I have a question about a retain and a NSString, if I have a method who a return a NSString, and I put the return NSString in a nsstring variable, I must do a retain or not?

NSString *myString = @"";
myString = [self methodWhoReturnString]; // I must do this?
myString = [[self methodWhoReturnString]retain]; // Or I must do this?

The Apple Developer Documentation on Memory Management explains the scenarios where you retain/release objects.

Simply put, if you want the string to stick around, you need to retain it until you're finished with it. If that is just the scope of the current function, you can get away without retaining it as if the string is already autorelease'd (likely) it won't get released until your function finishes and the current AutoReleasePool is purged.

Bear in mind that an NSString * could actually be pointing to an NSMutableString *. If it matters to you if the string is changed by some other function without you realizing, be sure to copy it: NSString * myCopyOfString = [mystring copy];

If the string is set to autorelease, which it most likely is, then yes you will need to retain it somehow. I would suggest doing this though:

myString = [[self methodWhoReturnString] copy];

this ensures you have retained the data in the string not just a reference to a string that might still be controlled elsewhere. Be sure you release your copy later!

Any method that has alloc , new or copy in it automatically retains and infers that you have ownership of the object. All others shouldn't. It would be helpful if you had more context though. If we are in a contained method where this string is used briefly, then you probably don't need to retain. If it is going to be used for a while, you might want to use the @synthesize syntax to make it a property of the class you are in. When you use @property and @synthesize and call something like self.myProperty = something it will automatically retain.

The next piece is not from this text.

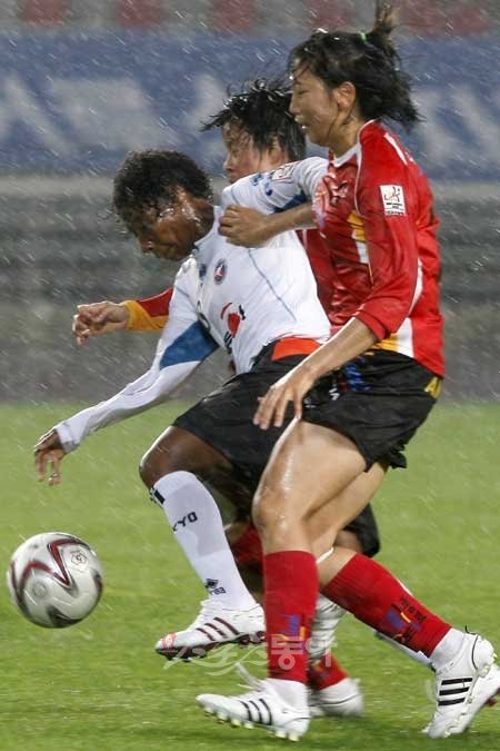 빗속의 삼바. 여자축구 첫 용병인 대교의 쁘레치냐(왼쪽)가 11일 고양 종합운동장에서 열린 서울시청과 2009 WK리그 경기에서 상대 수비수 2명을 뿌리치며 드리블 돌파를 시도하고 있다.

Usually, methodWhoReturnString would return an autoreleased string, which means you should retain it if you want to keep it around.

So, if methodWhoReturnString is your method, I believe that to keep with convention you should return [stringToReturn autorelease]; from that method, and then retain it if you want to keep it.

You use retain if you're going to be using myString at a later point in time (ie after the current method has returned) to prevent it being autoreleased.

You don't need to use retain if it's just a temporary variable used within the current method, since in that case you do want it to be autoreleased.

One special case is properties. If you call self.blah = foo , you don't need to retain foo, since the setBlah: method should do it for you.

(there's a whole load of other complexities and edge cases, but this is a good rule of thumb to get you started on understanding what to do)

Given the code you provided, you shouldn't call -retain . In your example, the return value of a method that returns an instance of NSString is assigned to myString , an automatic local variable. If the assignment had been made to an instance variable or a static variable, you would want to call either retain or copy to guarantee that the reference remains valid beyond the end of the local scope.

In this case though, the reference to the NSString instance is stored in a variable that will be destroyed automatically at the end of the local scope, so your code needn't concern itself with the object's lifetime.